> _TASK ITEM_
Within the records below, reproduce without change the lines from the line that has "Falda midi estampada" through the line that has "VIN | VR3EFYHZ3PN535054 |", and only those.

> _DATASET ENTRIES_
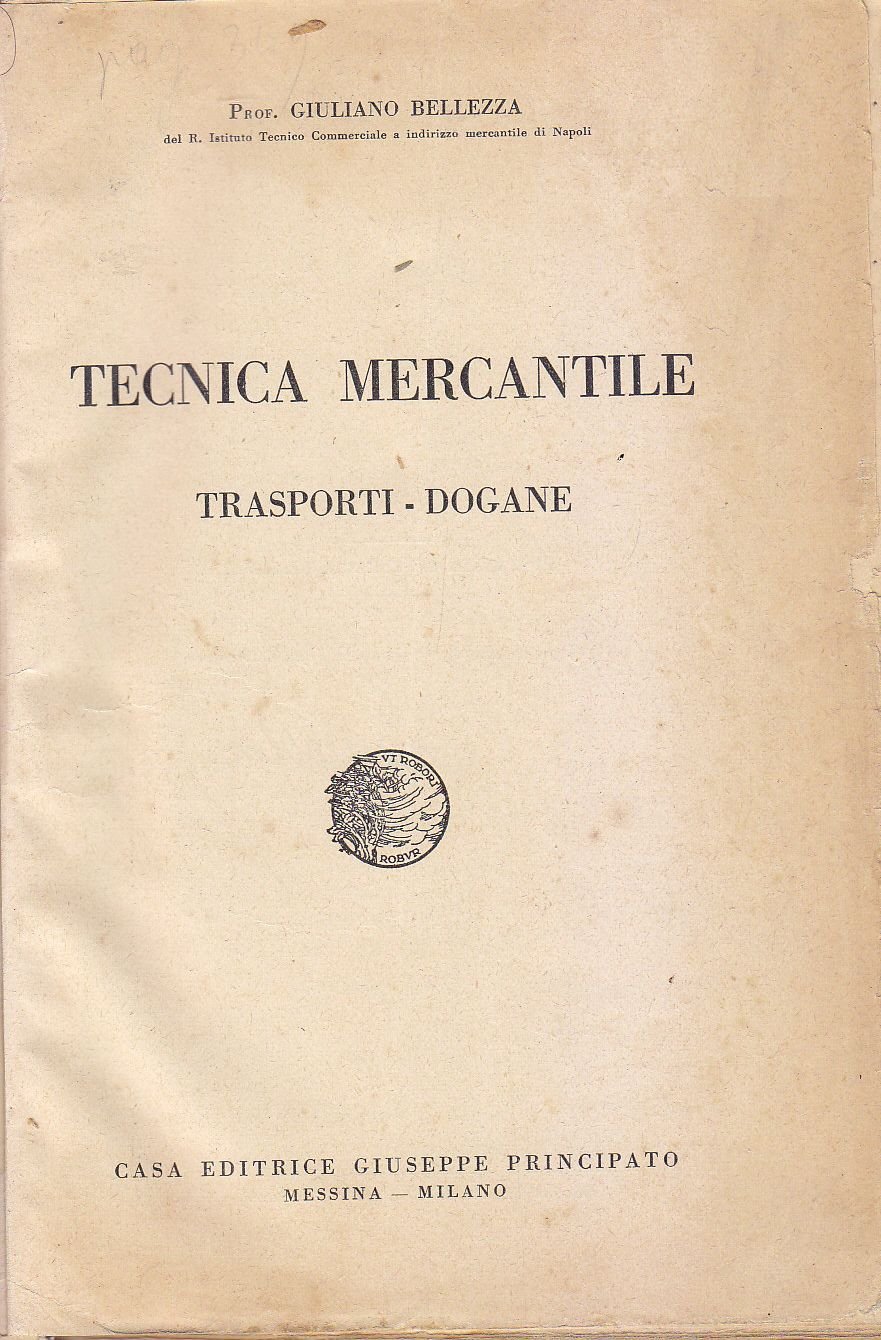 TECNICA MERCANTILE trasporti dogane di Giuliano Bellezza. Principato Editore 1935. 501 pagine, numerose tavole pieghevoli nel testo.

==

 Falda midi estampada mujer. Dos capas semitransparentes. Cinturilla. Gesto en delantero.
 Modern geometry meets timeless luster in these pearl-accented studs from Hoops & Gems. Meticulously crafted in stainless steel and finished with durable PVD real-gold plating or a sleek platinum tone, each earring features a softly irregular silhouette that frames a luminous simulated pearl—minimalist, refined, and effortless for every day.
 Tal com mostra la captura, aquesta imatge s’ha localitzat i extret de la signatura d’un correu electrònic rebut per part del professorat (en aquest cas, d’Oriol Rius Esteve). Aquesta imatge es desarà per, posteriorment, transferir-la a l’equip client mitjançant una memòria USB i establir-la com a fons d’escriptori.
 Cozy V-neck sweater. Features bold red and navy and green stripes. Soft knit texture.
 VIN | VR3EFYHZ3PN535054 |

> _ANSWER_
 Falda midi estampada mujer. Dos capas semitransparentes. Cinturilla. Gesto en delantero.
 Modern geometry meets timeless luster in these pearl-accented studs from Hoops & Gems. Meticulously crafted in stainless steel and finished with durable PVD real-gold plating or a sleek platinum tone, each earring features a softly irregular silhouette that frames a luminous simulated pearl—minimalist, refined, and effortless for every day.
 Tal com mostra la captura, aquesta imatge s’ha localitzat i extret de la signatura d’un correu electrònic rebut per part del professorat (en aquest cas, d’Oriol Rius Esteve). Aquesta imatge es desarà per, posteriorment, transferir-la a l’equip client mitjançant una memòria USB i establir-la com a fons d’escriptori.
 Cozy V-neck sweater. Features bold red and navy and green stripes. Soft knit texture.
 VIN | VR3EFYHZ3PN535054 |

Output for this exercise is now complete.